### AirBnb listings dataset cleaning
Source: http://insideairbnb.com/get-the-data.html - listings.csv.gz - Detailed Listings data for Barcelona

The specific file used is the one related to the 14th of August 2018. The reason why a 2018 dataset was used is because the analysis will be carried out in relation to Barcelona's average rental prices as provided by the Ajuntament of Barcelona, which are released every year. For obvious reasons the complete data available currently stops at 2018.

In [175]:
import pandas as pd
import numpy as np

In [176]:
airbnb_full = pd.read_csv("/home/emanuele/Desktop/IronHack/Projects/Project-Week-2-Barcelona/your-project/listings.csv")

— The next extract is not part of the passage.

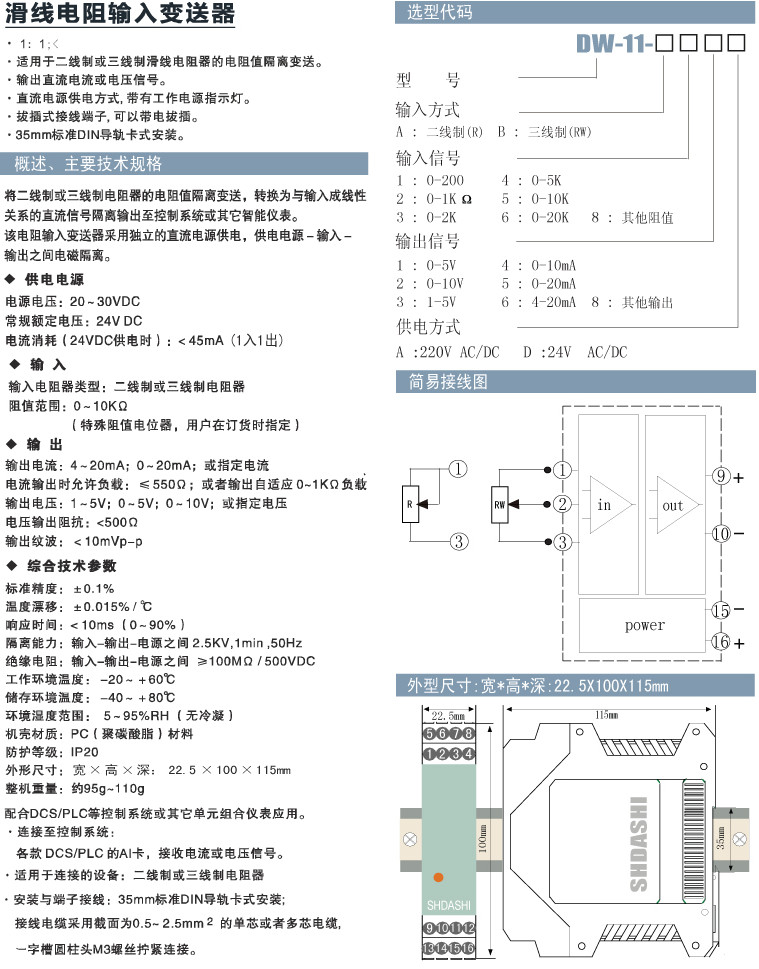DW-11-A1,DW-11-A2,DW-11-A3,DW-11-B4,DW-11-B5,DW-11-B6,DW-11-B8,DW-11,滑線電阻隔離變送器

Given the sheer number of attributes in the listings.csv file it is preferrable to list the columns instead of using head() or describe()

In [177]:
list(airbnb_full.columns)

['id',
 'listing_url',
 'scrape_id',
 'last_scraped',
 'name',
 'summary',
 'space',
 'description',
 'experiences_offered',
 'neighborhood_overview',
 'notes',
 'transit',
 'access',
 'interaction',
 'house_rules',
 'thumbnail_url',
 'medium_url',
 'picture_url',
 'xl_picture_url',
 'host_id',
 'host_url',
 'host_name',
 'host_since',
 'host_location',
 'host_about',
 'host_response_time',
 'host_response_rate',
 'host_acceptance_rate',
 'host_is_superhost',
 'host_thumbnail_url',
 'host_picture_url',
 'host_neighbourhood',
 'host_listings_count',
 'host_total_listings_count',
 'host_verifications',
 'host_has_profile_pic',
 'host_identity_verified',
 'street',
 'neighbourhood',
 'neighbourhood_cleansed',
 'neighbourhood_group_cleansed',
 'city',
 'state',
 'zipcode',
 'market',
 'smart_location',
 'country_code',
 'country',
 'latitude',
 'longitude',
 'is_location_exact',
 'property_type',
 'room_type',
 'accommodates',
 'bathrooms',
 'bedrooms',
 'beds',
 'bed_type',
 'amenities',


The columns that will be kept will be related only the data strictly needed for the analysis: 'id', for matters of indexing; 'price', since our analysis will be fully related to the prices of the listings in comparison to rental prices; the columns related to neighbourhood data; 'accomodates', which stores the maximum number of people allowed; 'availability_30', which can be used to determine the percentage of booked days in the 30 days prior to the 14th of August 2018 to better relate the listing price to a rental price, which of course assumes a "booked" percentage of 100%. We will also be using 'room_type' initially to limit the data to listings related to the Entire house, exluding Private and Shared rooms since we assume the prices to be skewed. 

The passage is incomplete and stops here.